Страница 277 из 280
Фильм начался с титров, короткой бравурной музыки с десятисекундной заставкой символики Главразведупра и, наконец, пошли первые кадры. Качество было не ахти какое, картинка часто дёргалась, видимо камера не была закреплена на штативе. Вскоре стало понятно, что оператор напрямую участвовал в бою. И бой шёл где–то в Пустоши. Сама картина боестолкновения была непонятной, так как оператор не мог охватить всю картину целиком. Он часто бегал, из–за чего многие кадры показывали лишь заросли и его ноги, измазанные грязью. Бег, рывки, залегание, стрельба. И снова бег и стрельба. И вот бой кончился. Пошли съёмки поверженных врагов, затем раненых и убитых товарищей. На заднем плане промелькнули фигурки хъхуров и тогда среди офицеров "Рарога" прошёлся тихий шепоток, ведь большинство о них узнало совсем недавно и воочию ни разу не видело. Масканин и Торгаев остались невозмутимы, их больше всего заинтересовали кадры поверженных врагов в велгонской форме. Одно из тел, более–менее целое, было взято проходчиками. И когда промелькнула защитная маска командира проходчиков, Масканин вспомнил капитана Харламова. Как знать, может быть это он и был.

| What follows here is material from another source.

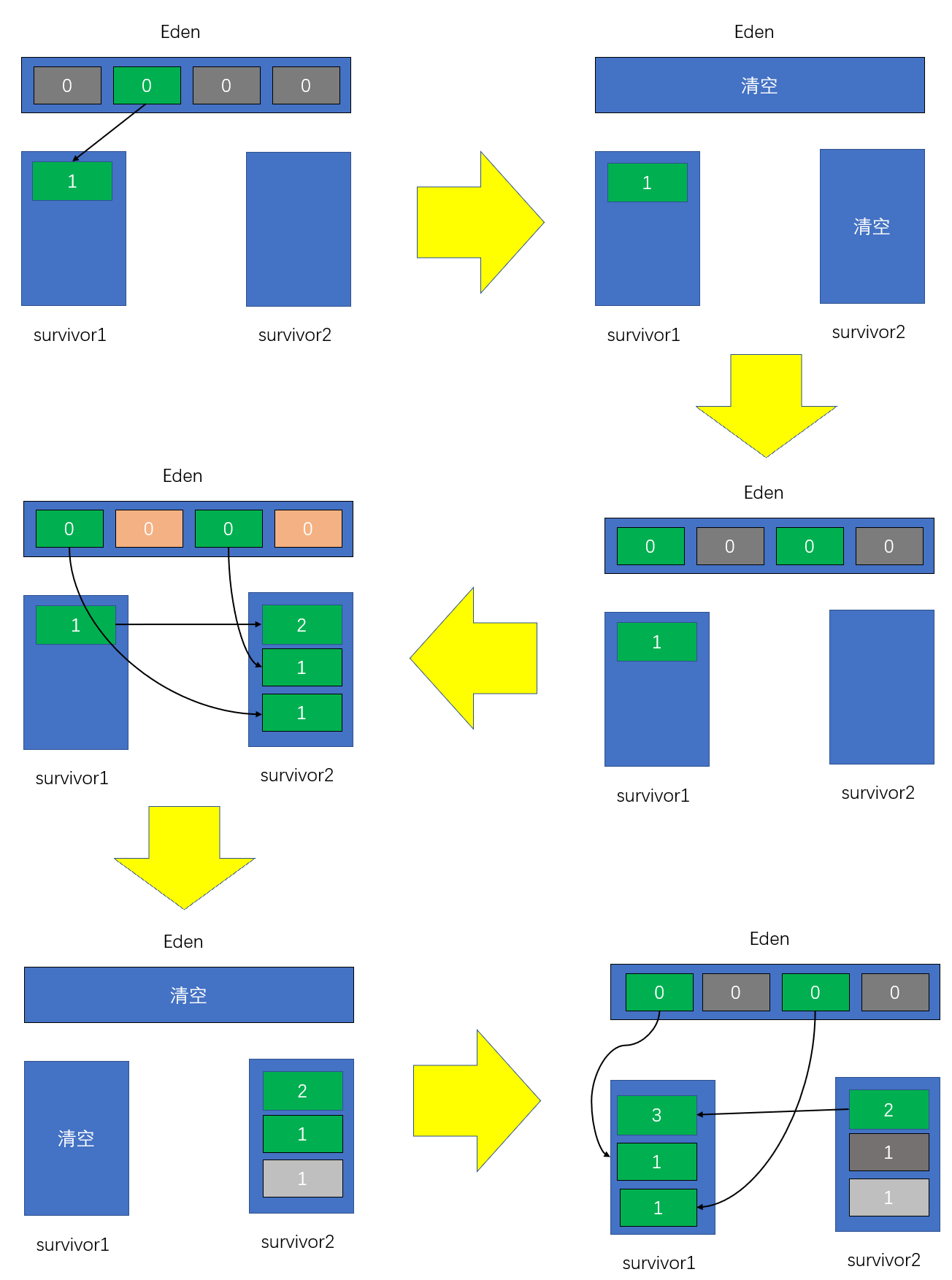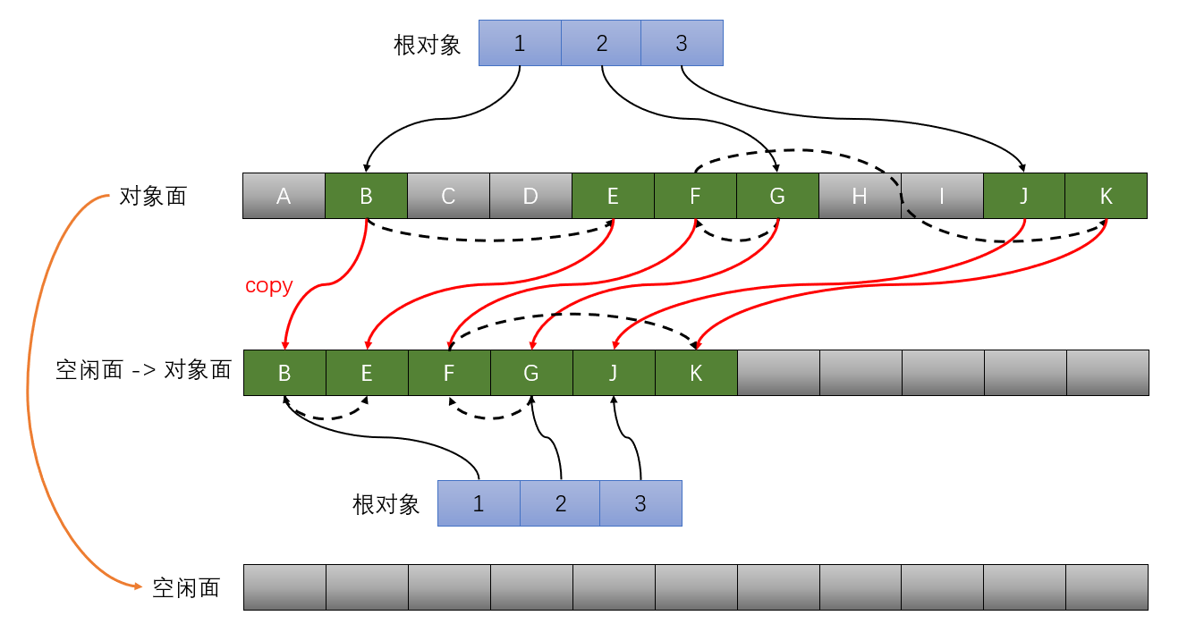 分为对象面和空闲面,对象在对象面上创建,存活的对象被从对象面复制到空闲面,将对象面所有对象内存清除,解决了内存空间碎片化的问题,合适只有少数存活对象的情况,因为只复制一小部分对象就OK了

Следующие десять минут показывали медлабораторию и вскрытие трупа велгонца. Теперь уже всё действо сопровождал закадровый голос, поясняющий ход операции. Причём пояснения были сильно перегружены медицинскими терминами. Даже не обладая углублёнными познаниями в анатомии, становилось ясно, что исследуемый труп не совсем человек. Вернее, бывший человек, которому внесены множественные изменения в организм. Убыстрённая мышечная реакция и изменённый метаболизм — лишь то немногое, чему подвергли этого бывшего человека.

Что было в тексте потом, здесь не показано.